TASK PROMPT: A copy of the listing below is needed, exact in every line and without images.

INFORMATION SUPPLIED:
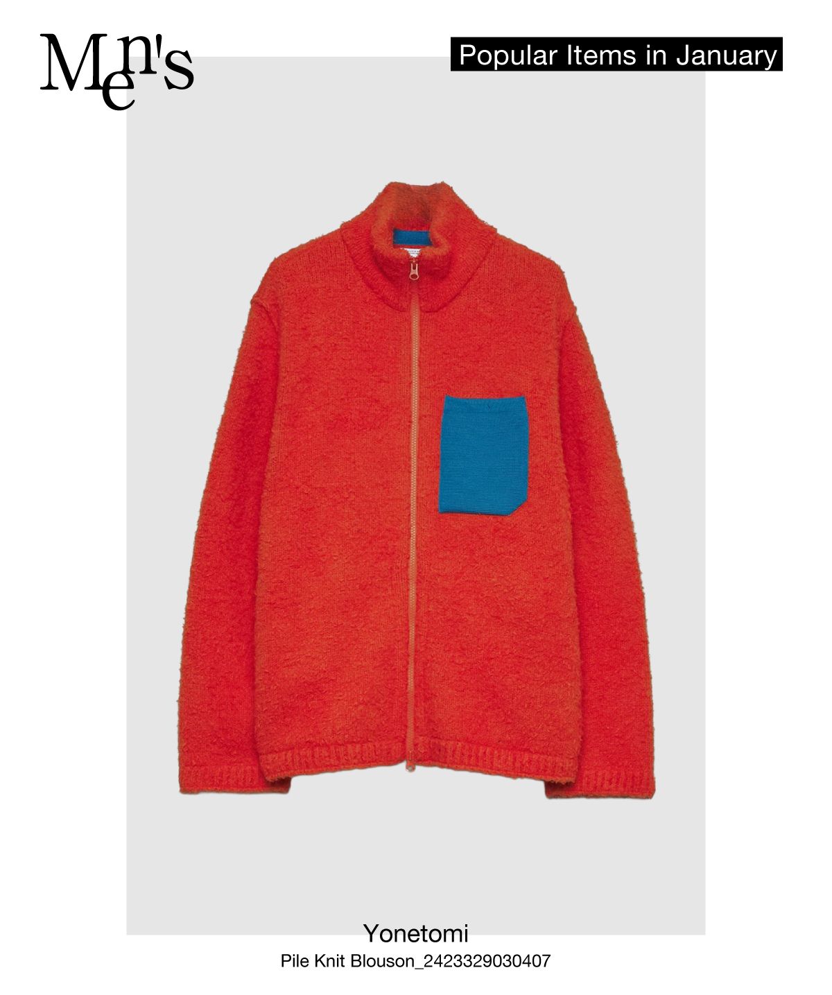 はじめにご紹介するのは、鮮やかな赤色が目を惹くヨネトミ(Yonetomi)のニットブルゾン。暗くなりがちな冬の装いに1点投入するだけで、コーディネートに華やかさを加えてくれます。
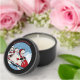 This favor candle features three cute retro-style snowmen sitting in a bobsled. View this design on other products or other products by Leslie Sigal Javorek at her Zazzle store, HoMeArts.
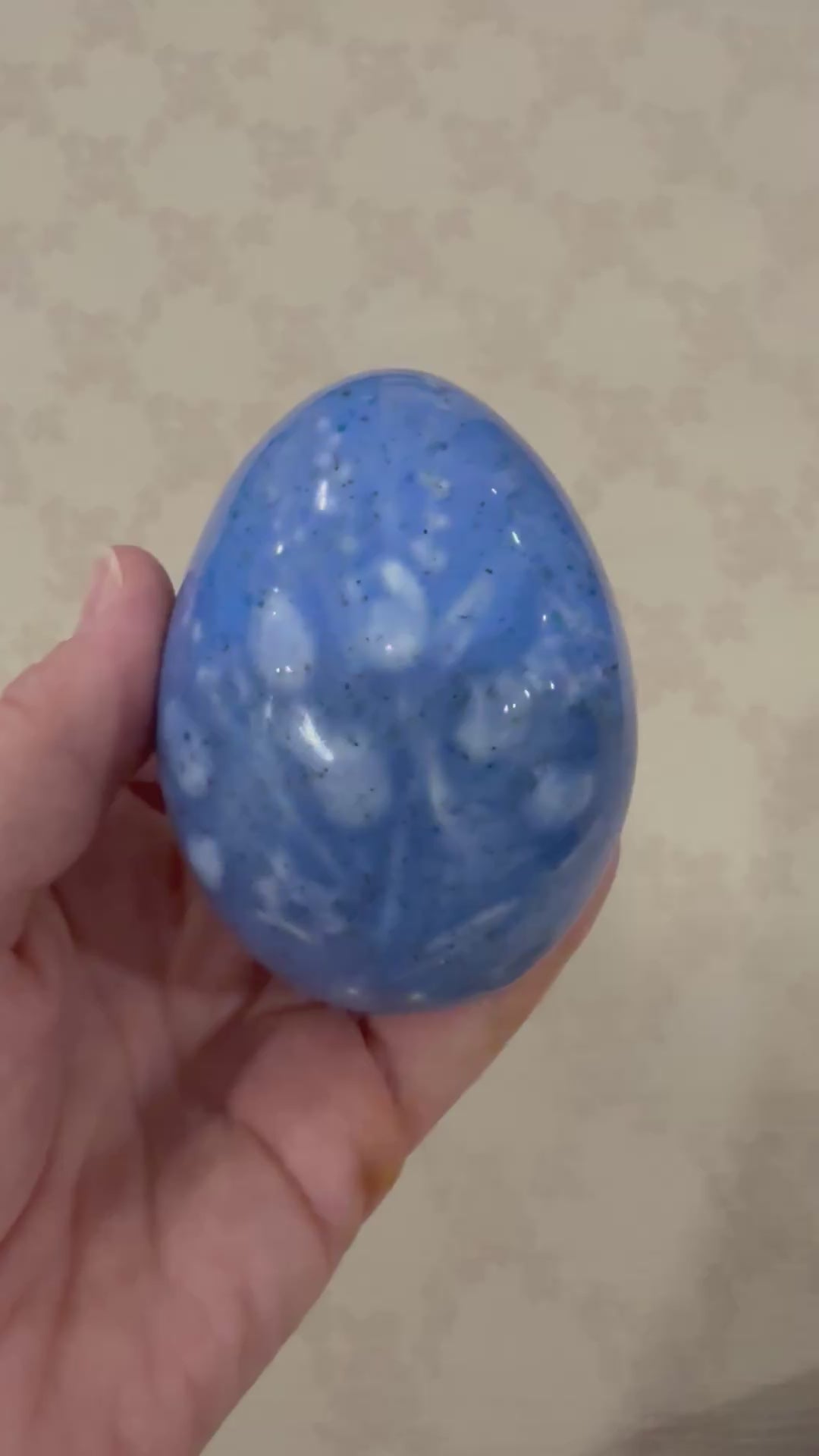 This egg has a soothing, almost stone-like appearance with the warmth and uniqueness of handmade pottery.

SOLUTION TO THE EXERCISE:
 はじめにご紹介するのは、鮮やかな赤色が目を惹くヨネトミ(Yonetomi)のニットブルゾン。暗くなりがちな冬の装いに1点投入するだけで、コーディネートに華やかさを加えてくれます。
 This favor candle features three cute retro-style snowmen sitting in a bobsled. View this design on other products or other products by Leslie Sigal Javorek at her Zazzle store, HoMeArts.
 This egg has a soothing, almost stone-like appearance with the warmth and uniqueness of handmade pottery.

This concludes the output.